• Given data:
════

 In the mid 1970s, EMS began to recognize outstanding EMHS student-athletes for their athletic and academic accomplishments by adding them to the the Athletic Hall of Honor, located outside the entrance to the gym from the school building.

════

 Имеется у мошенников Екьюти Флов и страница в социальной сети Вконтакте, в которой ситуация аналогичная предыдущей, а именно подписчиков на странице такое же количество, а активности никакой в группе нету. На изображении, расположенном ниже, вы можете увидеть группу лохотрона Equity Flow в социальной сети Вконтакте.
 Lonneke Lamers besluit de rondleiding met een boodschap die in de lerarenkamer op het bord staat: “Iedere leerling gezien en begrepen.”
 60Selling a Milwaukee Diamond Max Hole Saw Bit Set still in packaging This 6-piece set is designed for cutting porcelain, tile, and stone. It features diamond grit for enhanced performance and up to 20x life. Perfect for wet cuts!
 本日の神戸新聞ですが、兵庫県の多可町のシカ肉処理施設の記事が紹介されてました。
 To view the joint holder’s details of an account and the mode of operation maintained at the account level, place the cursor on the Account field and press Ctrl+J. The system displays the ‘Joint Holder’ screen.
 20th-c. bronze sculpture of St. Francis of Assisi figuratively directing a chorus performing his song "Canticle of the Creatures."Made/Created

════

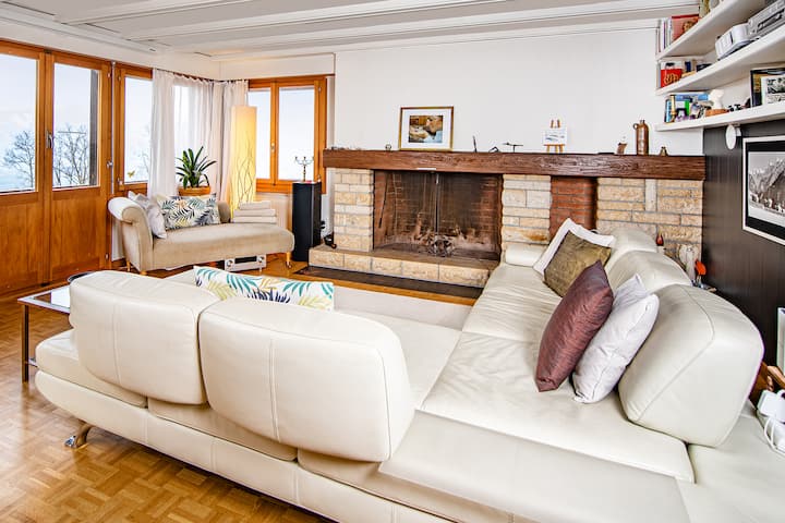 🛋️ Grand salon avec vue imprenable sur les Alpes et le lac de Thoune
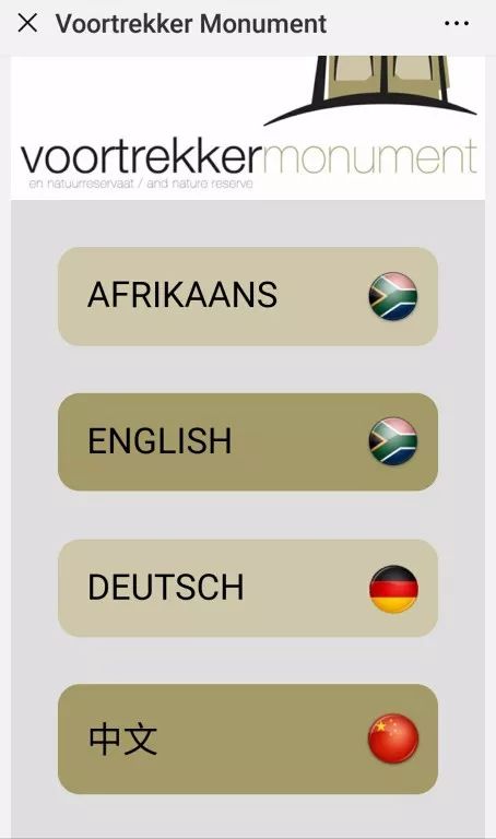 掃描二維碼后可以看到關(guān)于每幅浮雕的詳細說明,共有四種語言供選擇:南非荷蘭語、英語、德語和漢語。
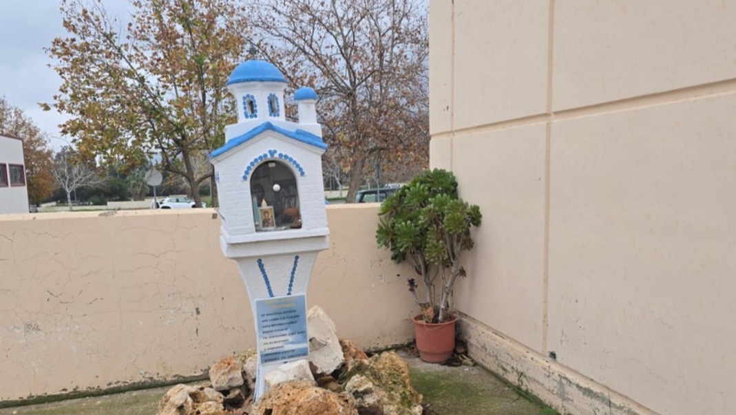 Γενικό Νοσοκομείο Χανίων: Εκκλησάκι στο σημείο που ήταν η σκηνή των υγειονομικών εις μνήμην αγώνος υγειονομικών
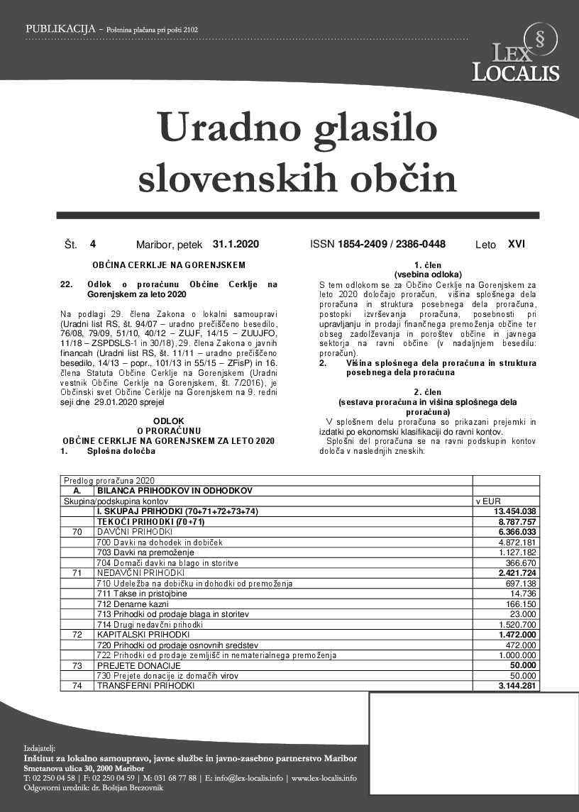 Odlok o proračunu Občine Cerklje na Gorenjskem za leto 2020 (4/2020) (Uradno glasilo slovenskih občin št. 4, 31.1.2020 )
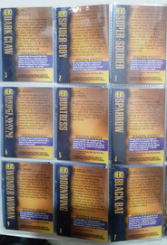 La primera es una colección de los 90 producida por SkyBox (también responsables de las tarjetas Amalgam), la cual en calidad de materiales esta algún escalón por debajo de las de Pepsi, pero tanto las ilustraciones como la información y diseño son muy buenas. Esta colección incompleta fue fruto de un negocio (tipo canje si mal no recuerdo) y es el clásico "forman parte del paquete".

════

• Exercise requirements:
Here the job is to copy the listing above word for word, starting at the line with "Odlok o proračunu" and ending at the line with "La primera es", and to leave out the pictures.

• Solution for this task:
 Odlok o proračunu Občine Cerklje na Gorenjskem za leto 2020 (4/2020) (Uradno glasilo slovenskih občin št. 4, 31.1.2020 )
 La primera es una colección de los 90 producida por SkyBox (también responsables de las tarjetas Amalgam), la cual en calidad de materiales esta algún escalón por debajo de las de Pepsi, pero tanto las ilustraciones como la información y diseño son muy buenas. Esta colección incompleta fue fruto de un negocio (tipo canje si mal no recuerdo) y es el clásico "forman parte del paquete".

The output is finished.